__DATA PROVIDED__
--- START ---

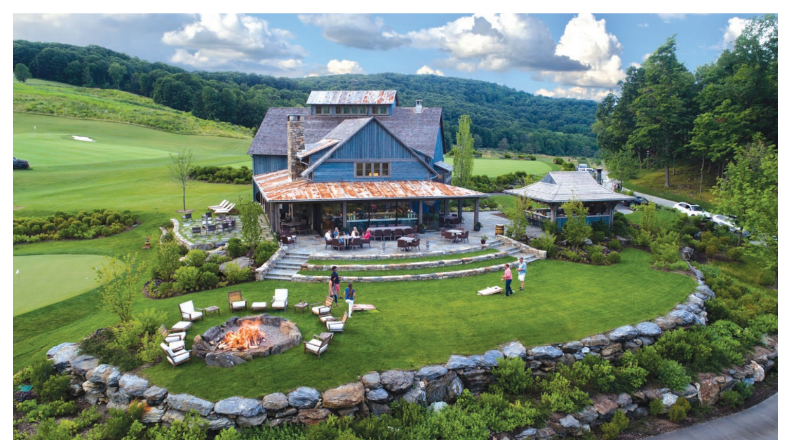
Ridge House amid a verdant landscape. More than 100 members rode out the coronavirus shutdown at Silo Ridge Field Club, an 850acre gated community.
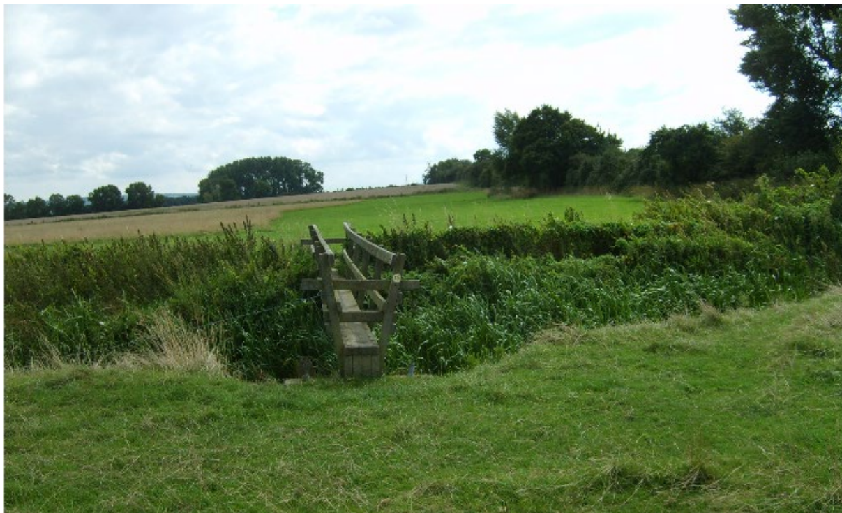
Main Thame River bridge
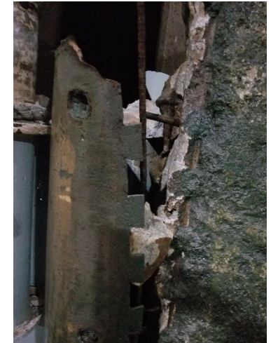
Locks 27 damaged embedded metals, high risk regionally identified backlog maintenance, unfunded in FY21.
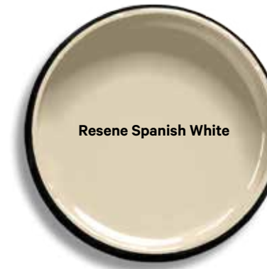
Resene Spanish White
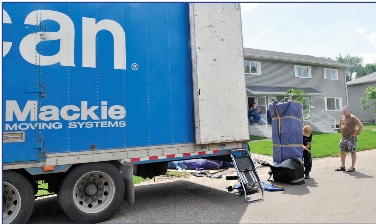
During the summer months on the Base you can't miss the large moving vans parked out front of a PMQ as workers either unload items for someone moving in, or load for a family posting out.

When you first open the www.bgrsguide.bgrs.ca website,
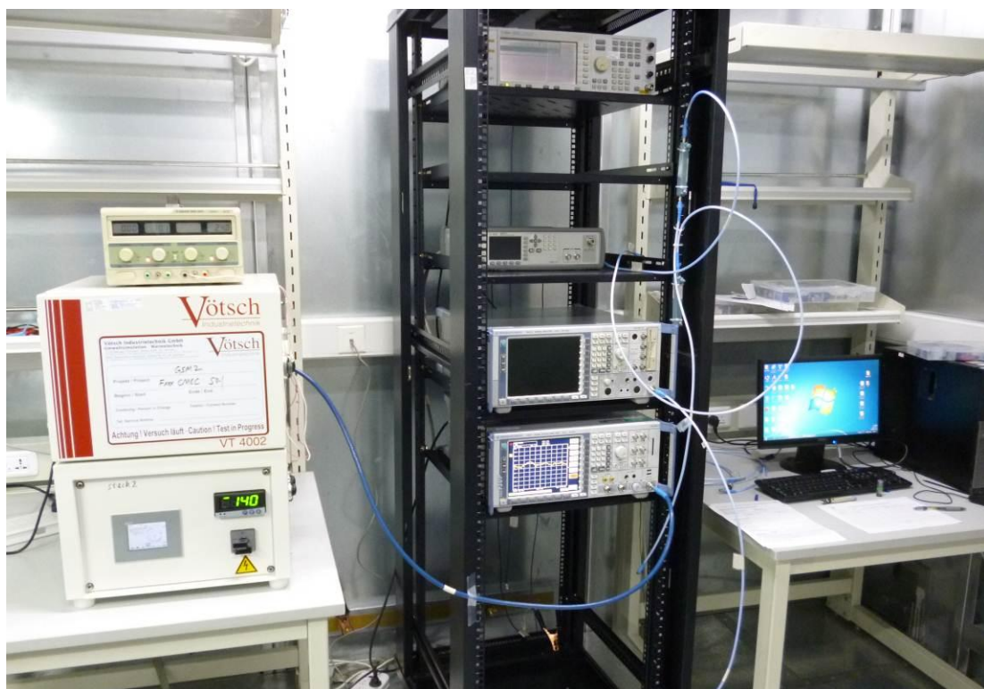
Photograph 3: Set-up for Fundamental emission bandwidth and Frequency stability test

Note: The antenna will change according to different frequency band, and for 90-110GHz the distance was 0.01m
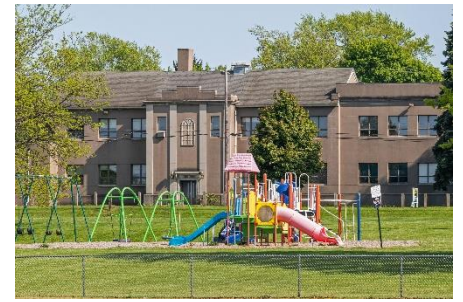
Burton School Redevelopment
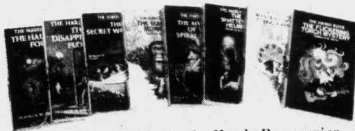
A few of the 56 titles in the Hardy Boys series
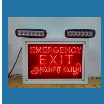
Industrial Emergency Light IEL- EEA36L
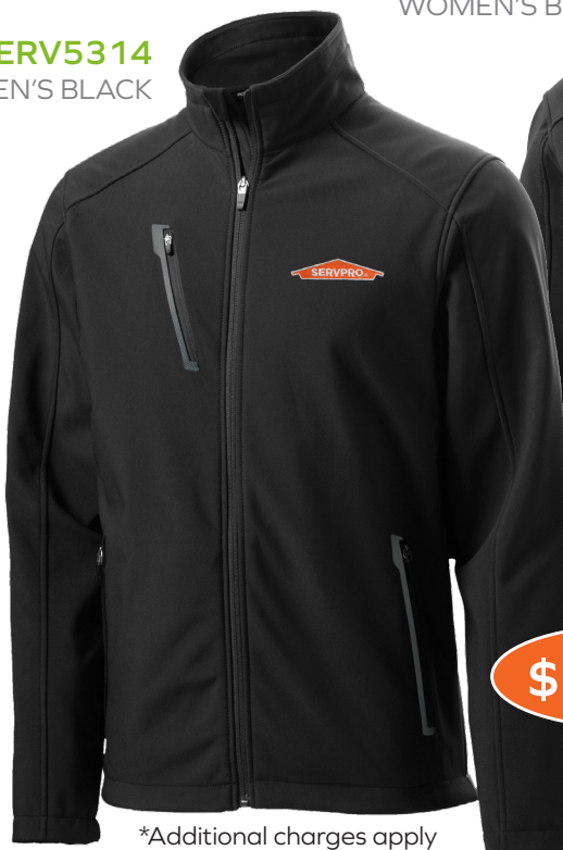
SERV5314 MEN'S BLACK

*Additional charges apply for shirts 2XL and up.
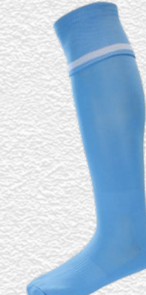
Surridge Single Band Sock SURF027
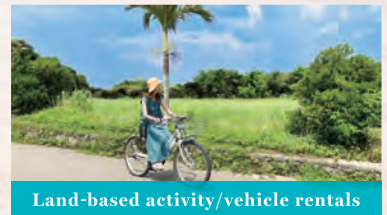
Land-based activity/vehicle rentals
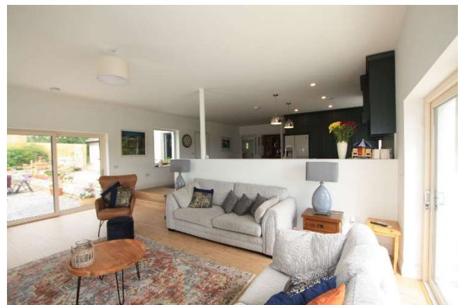
Split level – kitchen dining living
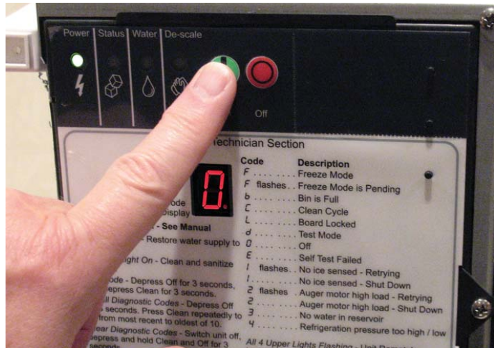
17. Push On to restart ice machine.
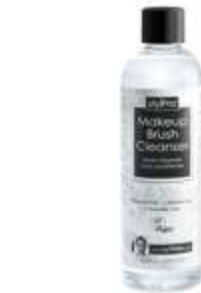
StylPro Make-up Brush Cleanser Solution - 500ml ★★★★★ (53)

REVIEWS: 5 Star Reviews as standard ★★★★★
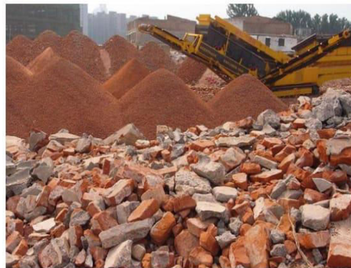
Fig (2) Brick slag

Slag bricks are a type of construction brick that incorporates slag as a raw material. Slag is a byproduct of various industrial processes, including metal smelting and steel production. When processed and mixed with other materials, slag can be used to make bricks.
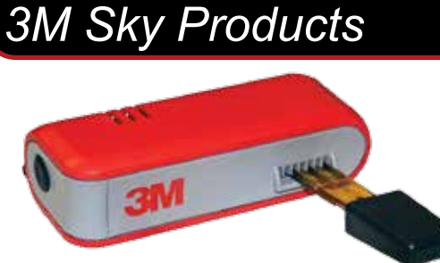
3M Sky Products are approved by both Boeing and Airbus specifications.

*AOG orders must be received by 11am (PST) in order to allow sufficient processing time for same-day shipment. International AOG shipments are subject to space availability on the next flight out. Additional fees may apply. **Five yard minimum order
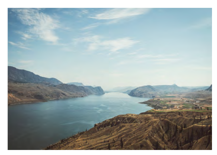
Fun fact: Kamloops is the second largest city in the interior of British Columbia with over 100 lakes within easy reach

Kamloops has a population of 90,000 and is located in south-central interior British Columbia. Kamloops has a semi-arid climate
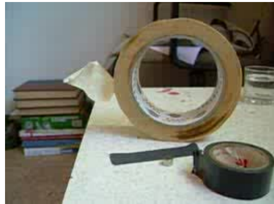
Video, 4.1 MB

Here you can see in detail how I proceeded with the tape. In this version you cannot see the magnets. Maybe you like this version better - spectators might be even more impressed if they don't get the principle right away.
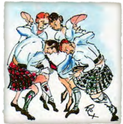
In the Rondel, the 2nd couple makes the arch.

If in doubt, ask your teacher; but, with a little thought about what comes next, you too can execute a perfect Rondel.
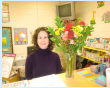
LES Teacher of the Year
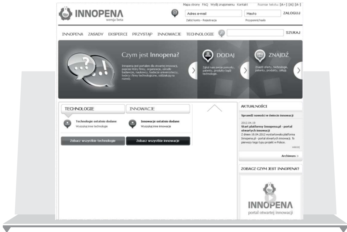
Figure 3. The home page of INNOPENA platform

The platform is to improve information exchange and communication between entities, especially small and medium size, mating the partners of economic sector with R&D (universities, Academy of Sciences, research and developments units) for mutual and faster completion of development and innovative projects in enterprises.
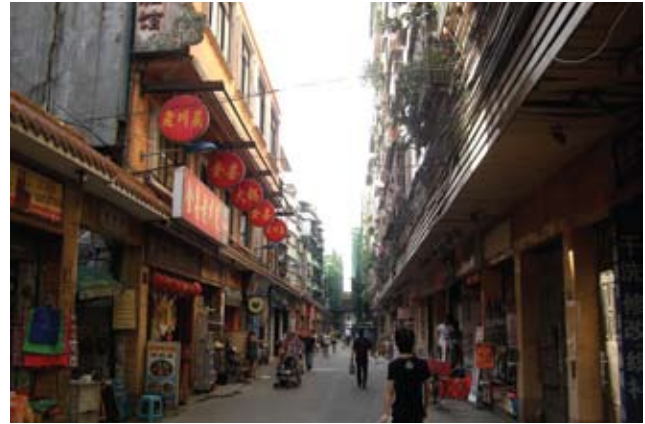
Street in Guangzhou, China.

The students met with the Canadian consulate in Hong Kong to learn about growth and opportunities there. "In a population of 7 million, there are a quarter of a million Canadians living there...they really want Canadians to come over. They really like the education we've got and our
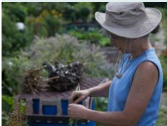
Image 6 - "I like to grow things in clumps ... and I mix stuff ... unusual stuff ... it looks better, it looks more natural ... like a forest or a wild field", (Plot-holder at Walsall Road Allotment). Photo: Susan Noori (picture taken with permission for public use)
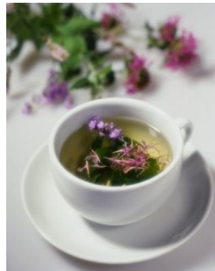
Green tea and lavender...the perfect match for your skin

The witch hazel will help to tone the skin, while the green tea will help protect the skin from the sun's harmful rays. The lavender will soothe sun damaged skin. Keep the spritzer in the fridge for an extra refreshing spray
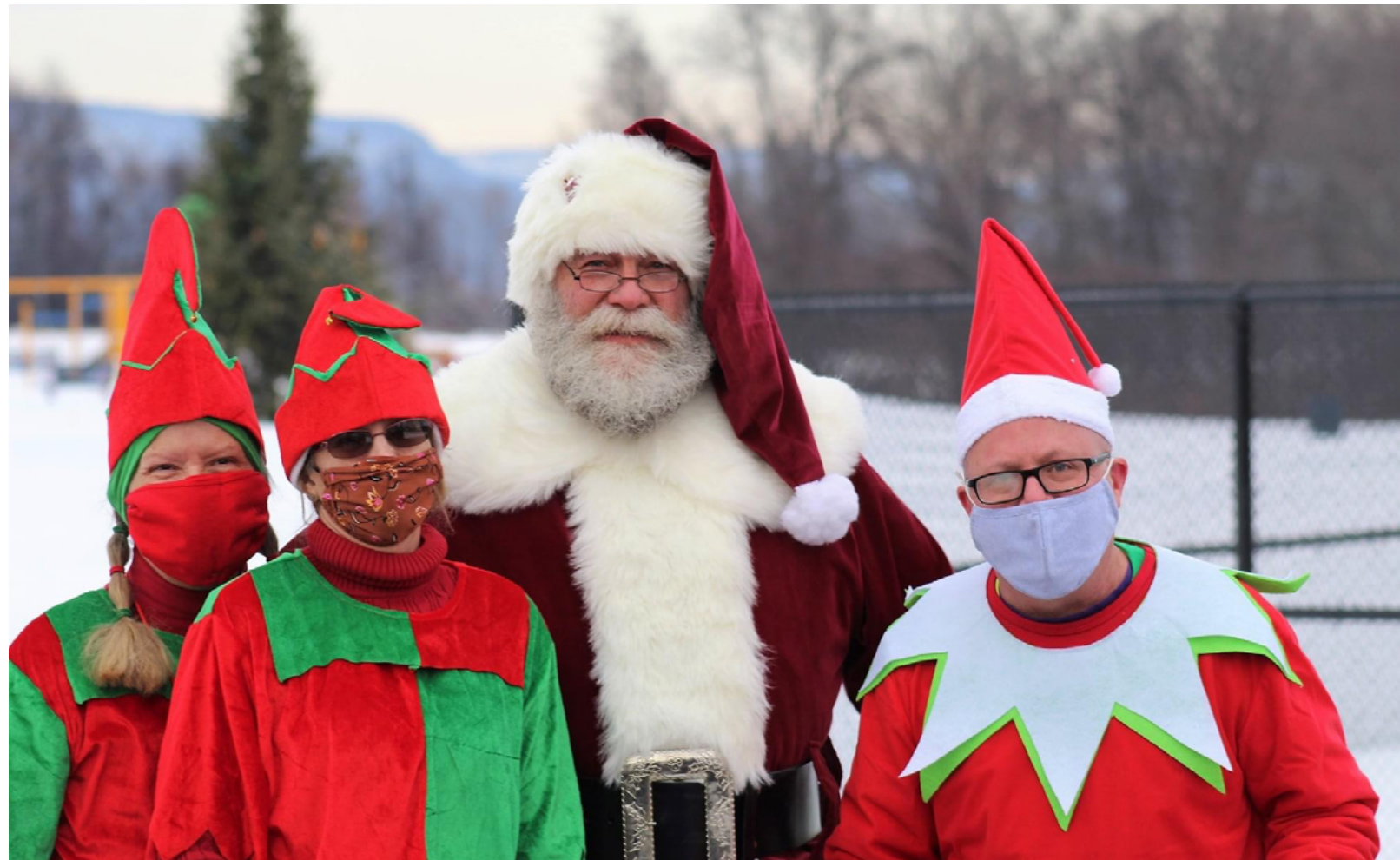
Christmas at UMBT Park.
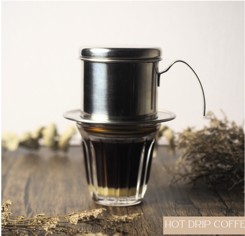
HOT DRIP COFFEE
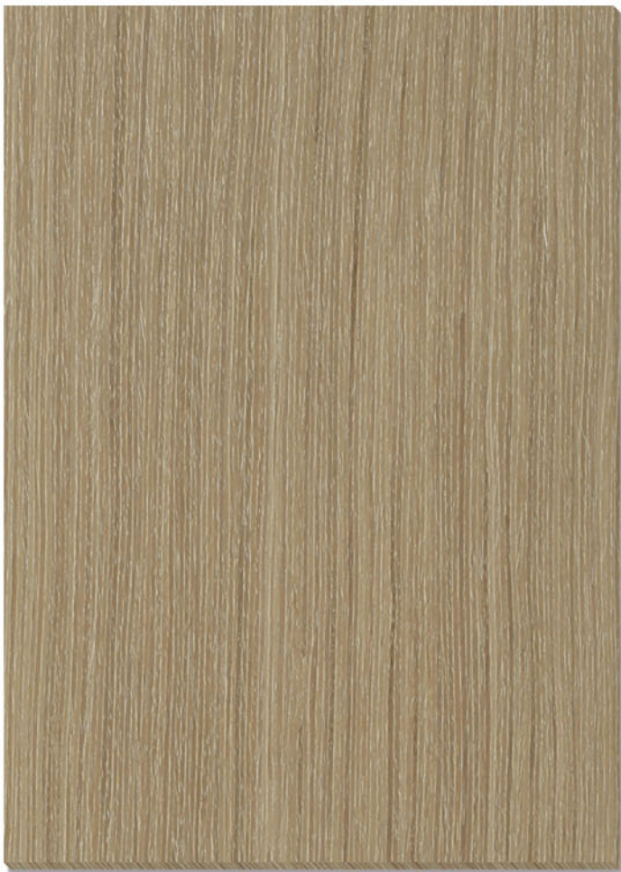
▶ K6236 Dyed Oak 3mm
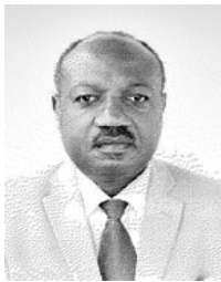
Dr. Basden J. C. Onwubere

The Nigerian Hypertension Society (NHS) was inaugurated on April 27, 1993. It was founded out of the great need to provide knowledge of the prevalence, causes, prevention and treatment of hypertension and its complications.
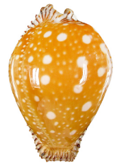
CYPRAEIDAE Perisserosa guttata guttata
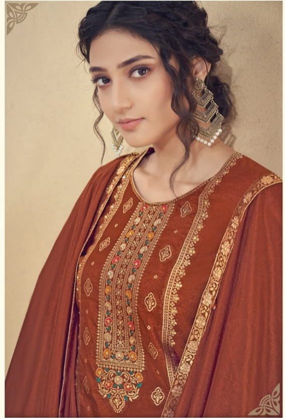
EFFORTLESS CALIBRE OF CREATIVITY WHICH FEATURES THE BEAUTY IN A PERSON WITH BEAUTIFUL GARMENT.
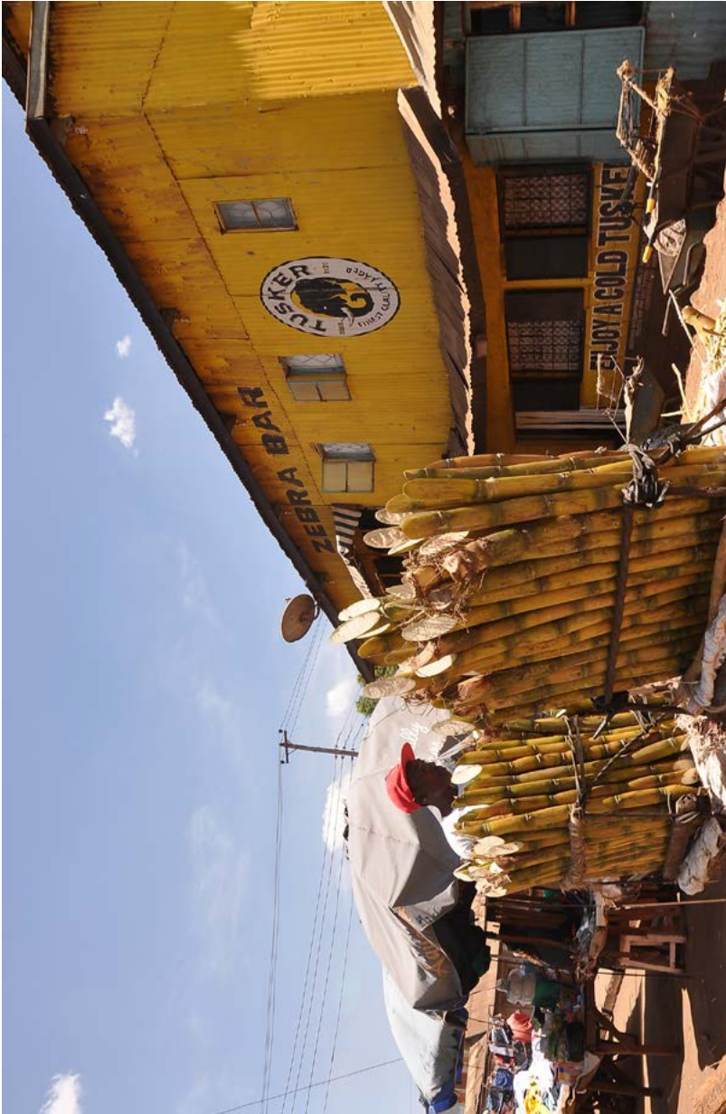
PLATE 12 Selling sugar cane

--- END ---

__WORK TO BE COMPLETED__
Both the line above containing "Here you can" and the line containing "In the Rondel, the 2nd couple makes the arch." belong in the copy, along with every line between them; print these exactly and omit the pictures.

__REPLY__
Here you can see in detail how I proceeded with the tape. In this version you cannot see the magnets. Maybe you like this version better - spectators might be even more impressed if they don't get the principle right away.
In the Rondel, the 2nd couple makes the arch.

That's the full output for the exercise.